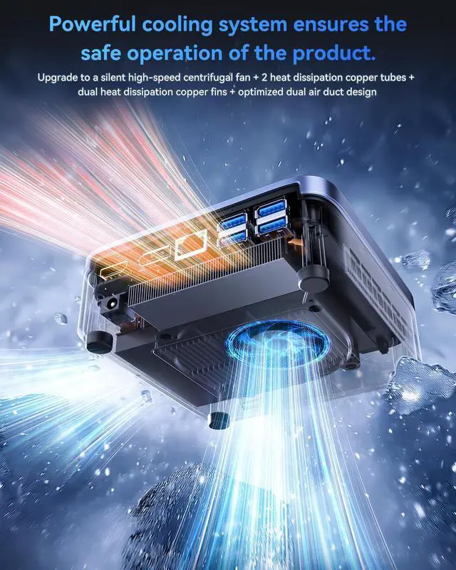 Cooling System: Upgraded silent high-speed centrifugal fan + 2 heat pipes + dual copper fins + dual air ducts, ensuring stable 55W performance and efficient heat dissipation
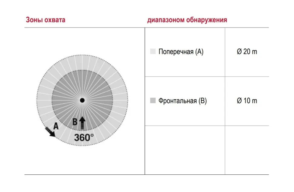 | диапазоном обнаружения поперек | Ø 20 м |
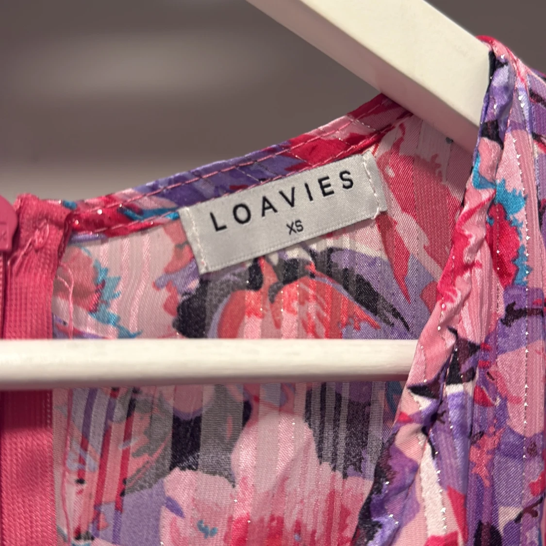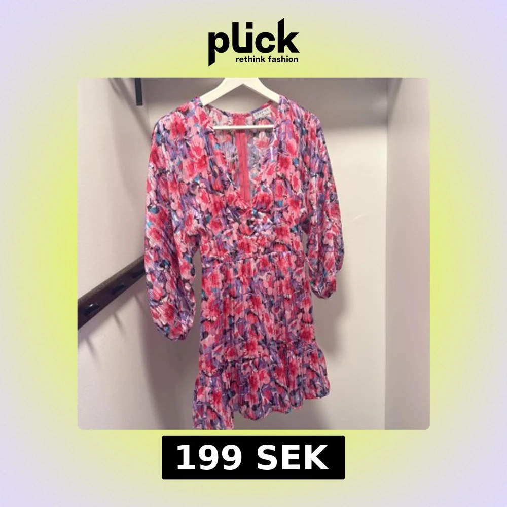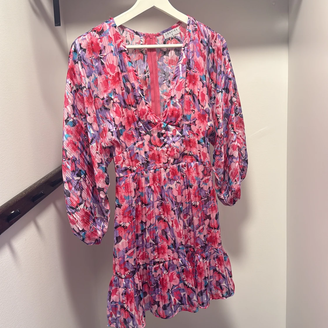 Superfin kortklänning från Loavies i färgstarkt blommigt mönster med rosa, lila och röda toner. Klänningen har v-ringning, volangkant nertill och långa puffärmar. Perfekt för dig som gillar färg och vill sticka ut lite extra!
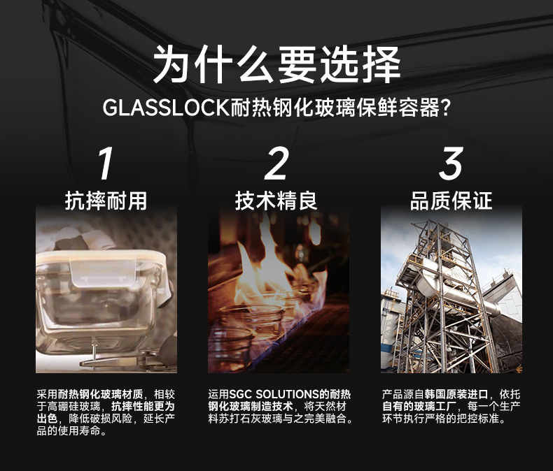 glasslock韩国进口耐热钢化玻璃保鲜盒两件套(带包)
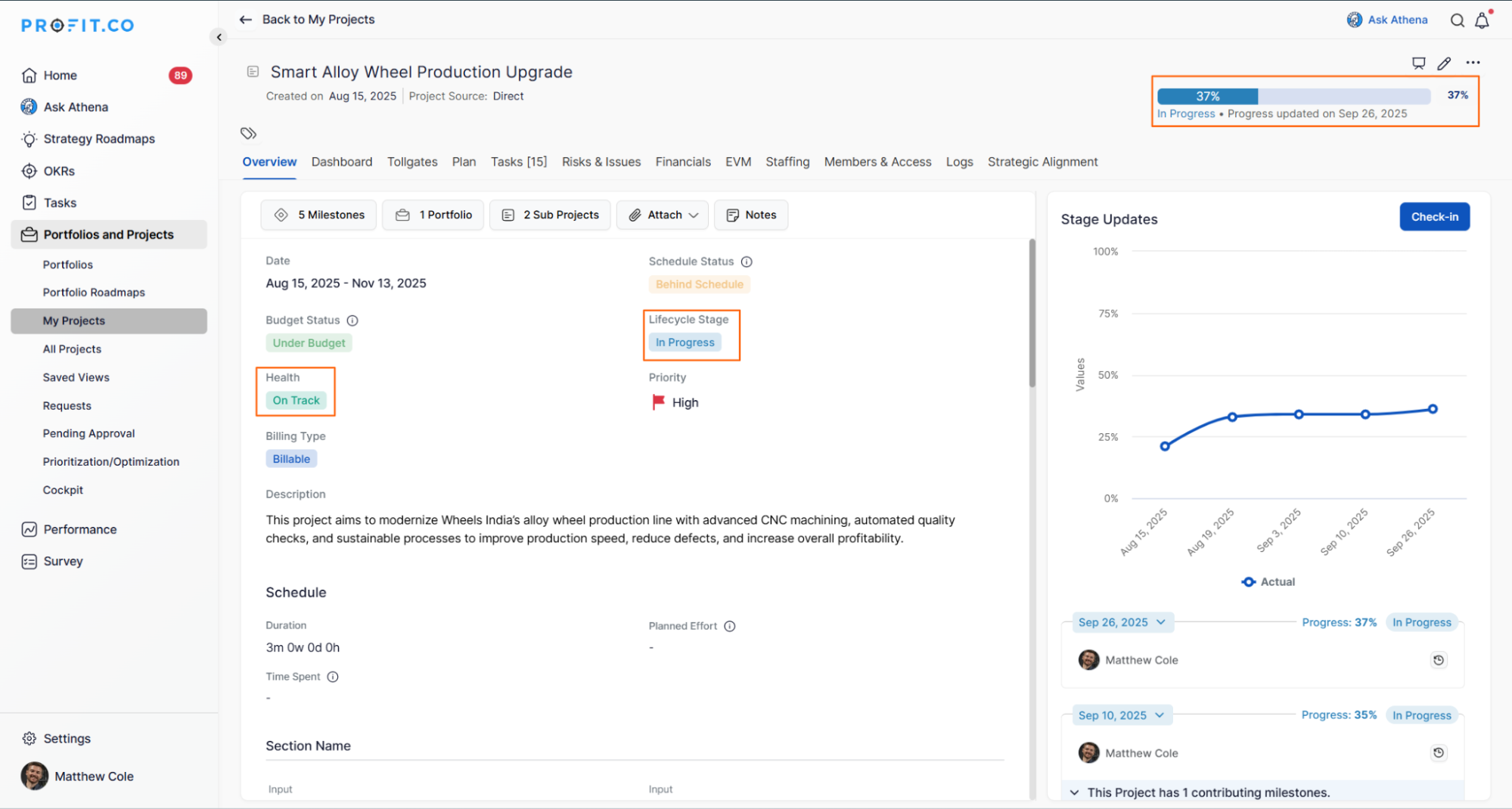 In the example below, the project is currently In Progress with 37% progress, and the Health Status shows On Track.
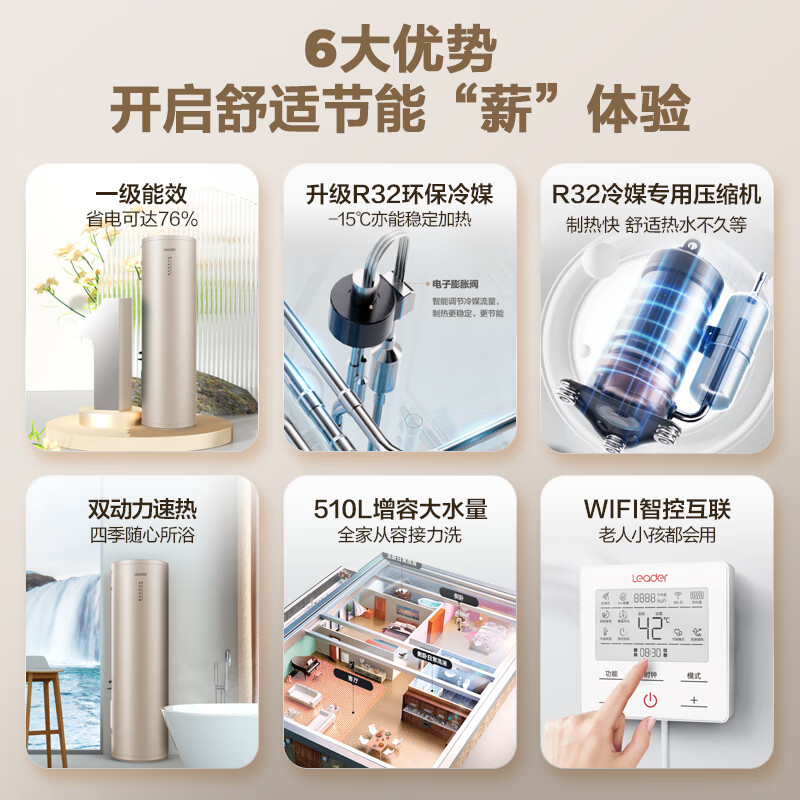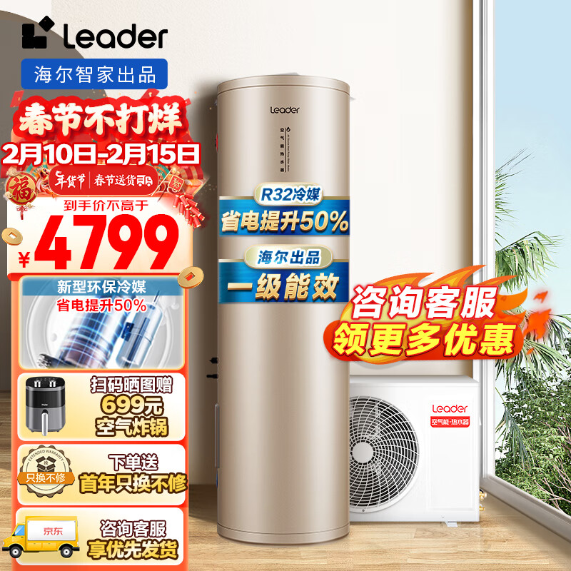 海尔(Haier)出品Leader空气能热水器200升一级能效电辅升级R32冷媒WiFi多重安防LKF75/200-JAD7NU1(4-6人)价格:4799.00元!
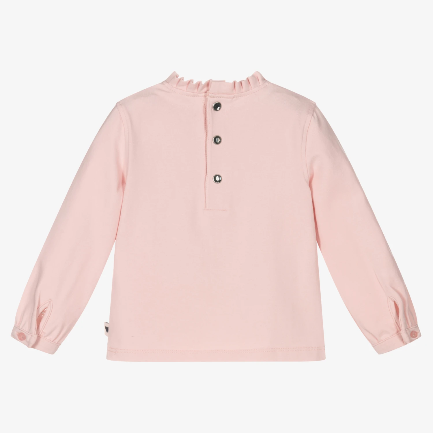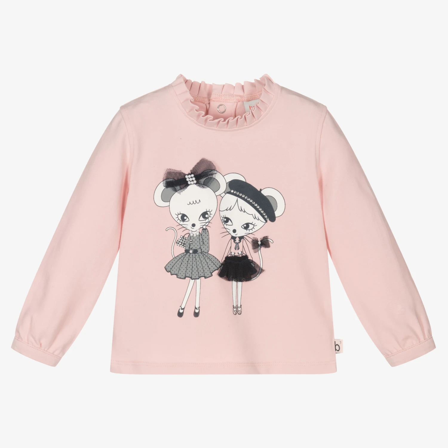 Long-sleeved pink top for girls by Boboli, made in soft and comfortable cotton jersey. It has a monochrome mouse print on the front, trimmed with black tulle, sparkly diamantés and pearls. A ruffled neckline, gathered cuffs and sparkly popper fastenings on the back add a stylish touch.
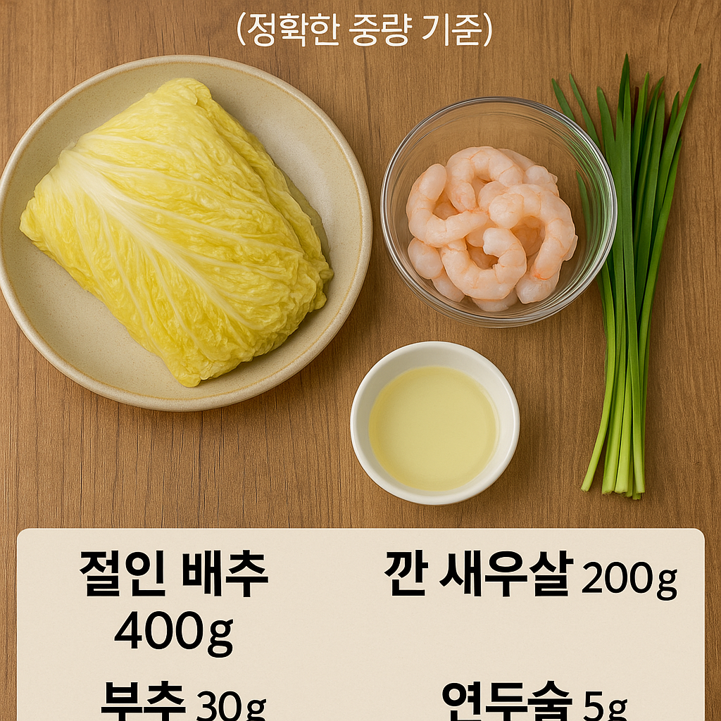 ■ 배추새우만두 준비 재료 (정확한 중량 기준)
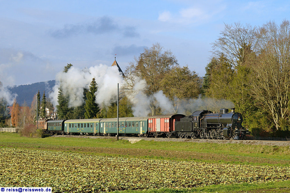| Vor 50 Jahren endete der Dampfbetrieb bei den SBB. Aus diesem Anlass unternahm C 5/6 Nr. 2969 eine Rundreise von Sulgen über Winterthur - Baden nach Koblenz. Die Rückfahrt führte über Eglisau und Winterthur zurück nach Sulgen (Kaiserstuhl, 01.12.2018). |
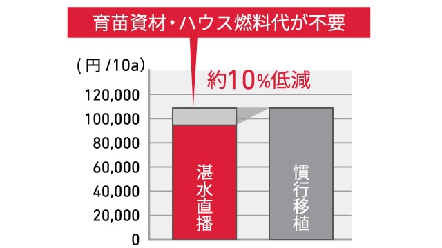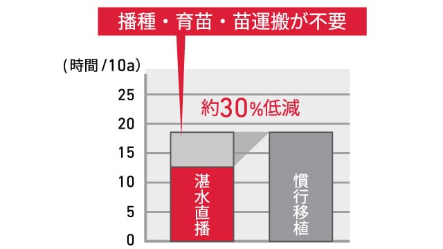 出芽促進を目的とした種もみへの処理(被覆や催芽)が必要です。育苗の必要がなく経費や労働時間の低減、重い苗箱運搬が不要となり、作業の省力化が図れます。また、春作業の労働ピークを分散させ、機械や施設の稼働率を向上できます。

> **TASK GOAL**: From the line that contains "Superfin kortklänning från" down to the last line of the entries above, copy every line exactly and leave out the pictures.

> **SOLUTION TO THIS TASK**:
 Superfin kortklänning från Loavies i färgstarkt blommigt mönster med rosa, lila och röda toner. Klänningen har v-ringning, volangkant nertill och långa puffärmar. Perfekt för dig som gillar färg och vill sticka ut lite extra!
 glasslock韩国进口耐热钢化玻璃保鲜盒两件套(带包)
 In the example below, the project is currently In Progress with 37% progress, and the Health Status shows On Track.
 海尔(Haier)出品Leader空气能热水器200升一级能效电辅升级R32冷媒WiFi多重安防LKF75/200-JAD7NU1(4-6人)价格:4799.00元!
 Long-sleeved pink top for girls by Boboli, made in soft and comfortable cotton jersey. It has a monochrome mouse print on the front, trimmed with black tulle, sparkly diamantés and pearls. A ruffled neckline, gathered cuffs and sparkly popper fastenings on the back add a stylish touch.
 ■ 배추새우만두 준비 재료 (정확한 중량 기준)
| Vor 50 Jahren endete der Dampfbetrieb bei den SBB. Aus diesem Anlass unternahm C 5/6 Nr. 2969 eine Rundreise von Sulgen über Winterthur - Baden nach Koblenz. Die Rückfahrt führte über Eglisau und Winterthur zurück nach Sulgen (Kaiserstuhl, 01.12.2018). |
 出芽促進を目的とした種もみへの処理(被覆や催芽)が必要です。育苗の必要がなく経費や労働時間の低減、重い苗箱運搬が不要となり、作業の省力化が図れます。また、春作業の労働ピークを分散させ、機械や施設の稼働率を向上できます。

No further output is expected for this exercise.